Die Grünen-Vorsitzende Claudia Roth forderte schnelle "Maßnahmen gegen Gaddafis Regime". Dieser lasse die "Protestbewegung niederschießen und in brutalster Form verfolgen" und dürfe kein Partner sein. "Ich erwarte deutliche Worte von Außenminister (Guido) Westerwelle und Bundeskanzlerin (Angela) Merkel und eine zügig abgestimmte, gemeinsame Position der EU gegenüber der brutalen Niederschlagung der Protestbewegung durch Diktator Gaddafi."

Seite 3: Gespannte Ruhe in Bahrain

Nach tagelangen Unruhen herrschte dagegen in Bahrain am Sonntag gespannte Ruhe. Nach dem Rückzug der Armee in die Kasernen hatten mehrere Tausend Regierungsgegner am Samstag den zentralen Lulu-Platz wieder besetzt und dort Lager aufgeschlagen. Kronprinz Scheich Salman bin Hamad al-Chalifa bedauerte in einem Fernsehinterview den Tod von mindestens vier Demonstranten in den vergangenen Tagen. Auf Weisung seines Vaters, König Hamad bin Issa al-Chalifa, nahm er erste Kontakte zur Opposition für einen nationalen Dialog auf.
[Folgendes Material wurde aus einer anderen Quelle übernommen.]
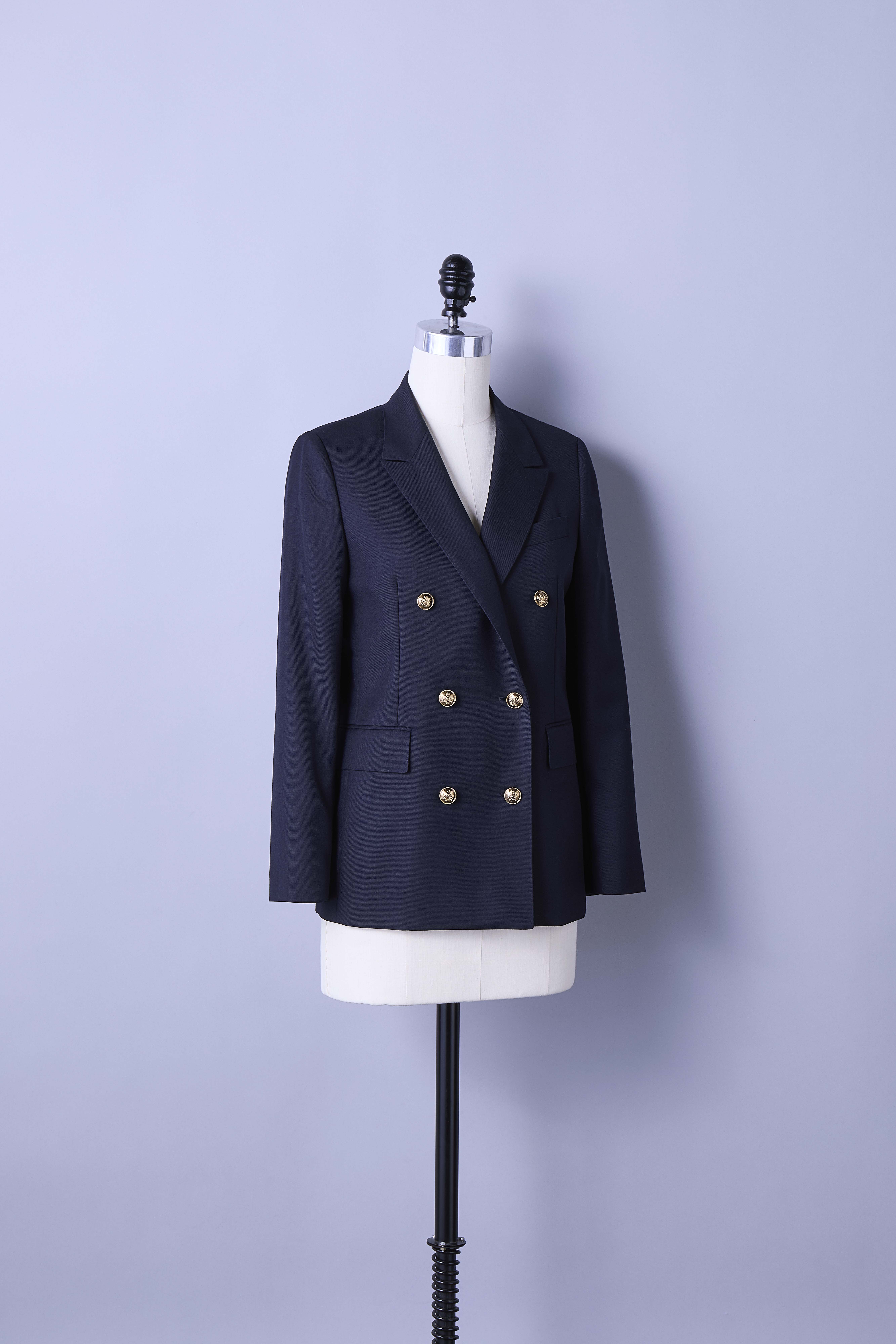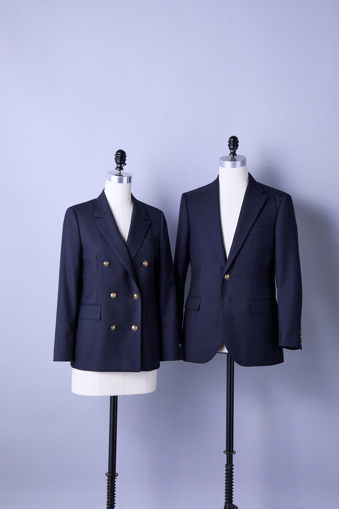 素材は、6色の紺をブレンドしたTOP糸の経糸と、モヘヤ混の緯糸で織り上げたツイル。奥行きある深いネイビーは知性と品格を映し出し、軽やかさとしなやかさを兼ね備えます。纏った瞬間に「正しい一着」であることを実感できる、揺るぎない上質さを宿しています。
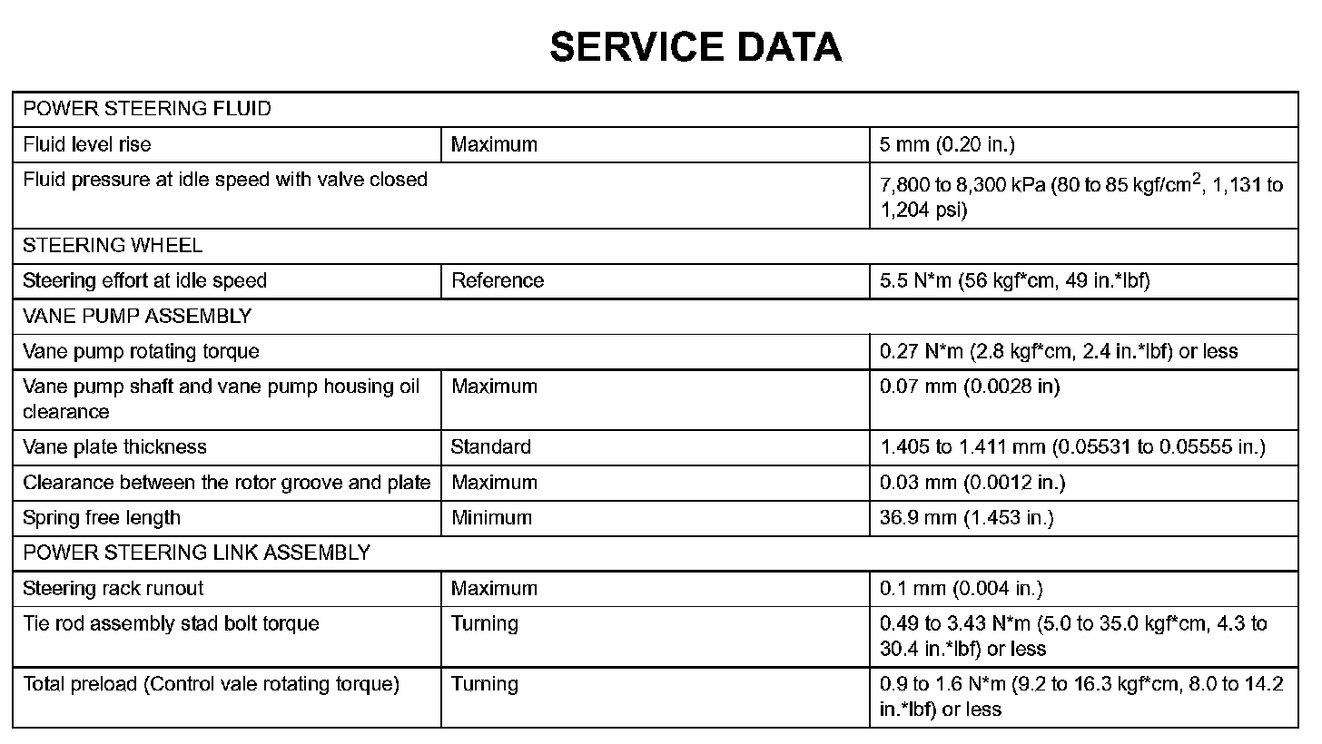 Power Steering-Service Data:
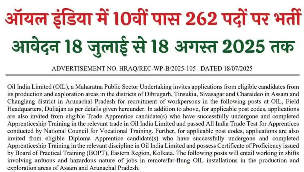 OIL इंडिया वर्कपर्सन भर्ती 2025: 262 पदों के लिए आवेदन प्रक्रिया शुरू

Der Dialog kam allerdings noch nicht zustande. Sieben bahrainische Oppositionsgruppen veröffentlichten am Sonntag eine Erklärung. Darin forderten sie "weitere positive Schritte, um den Boden vorzubereiten für einen ernsthaften nationalen Dialog". Dazu gehöre unter anderem die Freilassung aller politischen Gefangenen.

Im Iran wagte die Opposition am Sonntag neue Proteste. Mehrere Hundert Anhänger der "Grünen Welle" versammelten sich an mehreren Stellen der Hauptstadt Teheran, wie die Opposition auf ihren Websites mitteilte. Am Nachmittag rückten starke Polizeikräfte mit Tränengas gegen die Demonstranten vor; nach unbestätigten Berichten waren auch Schüsse zu hören.

Proteste auch in Marokko und im Jemen

Auch in Marokko demonstrierten am Sonntag Hunderte Menschen für demokratische Reformen. Bürgerinitiativen und Jugendgruppen hatten zum "Tag des Stolzes" mit Kundgebungen in etwa 20 Städten aufgerufen. Sie verlangten eine Einschränkung der Macht des Königs Mohammed VI. Marokko hat eine vielfältige Parteienlandschaft und ein frei gewähltes Parlament. Die Macht der Regierung ist allerdings dadurch eingeschränkt, dass der König in wichtigen Fragen das letzte Wort hat. Der Monarch ernennt auch die Minister für die Schlüsselressorts.

Im Jemen versammelten sich am Sonntag erneut Hunderte Regierungsgegner in der Nähe des Universitätsgeländes der Hauptstadt Sanaa. Am nunmehr zehnten Tag der Proteste forderte sie einmal mehr den Rücktritt von Präsident Ali Abdullah Salih. Am Vortag waren bei Zusammenstößen von Regierungsgegnern und Anhängern Salihs nach einem Bericht des Senders CNN mindestens sechs Menschen verletzt worden. Seit Mitte der Woche sind im Jemen mindestens fünf Menschen ums Leben gekommen.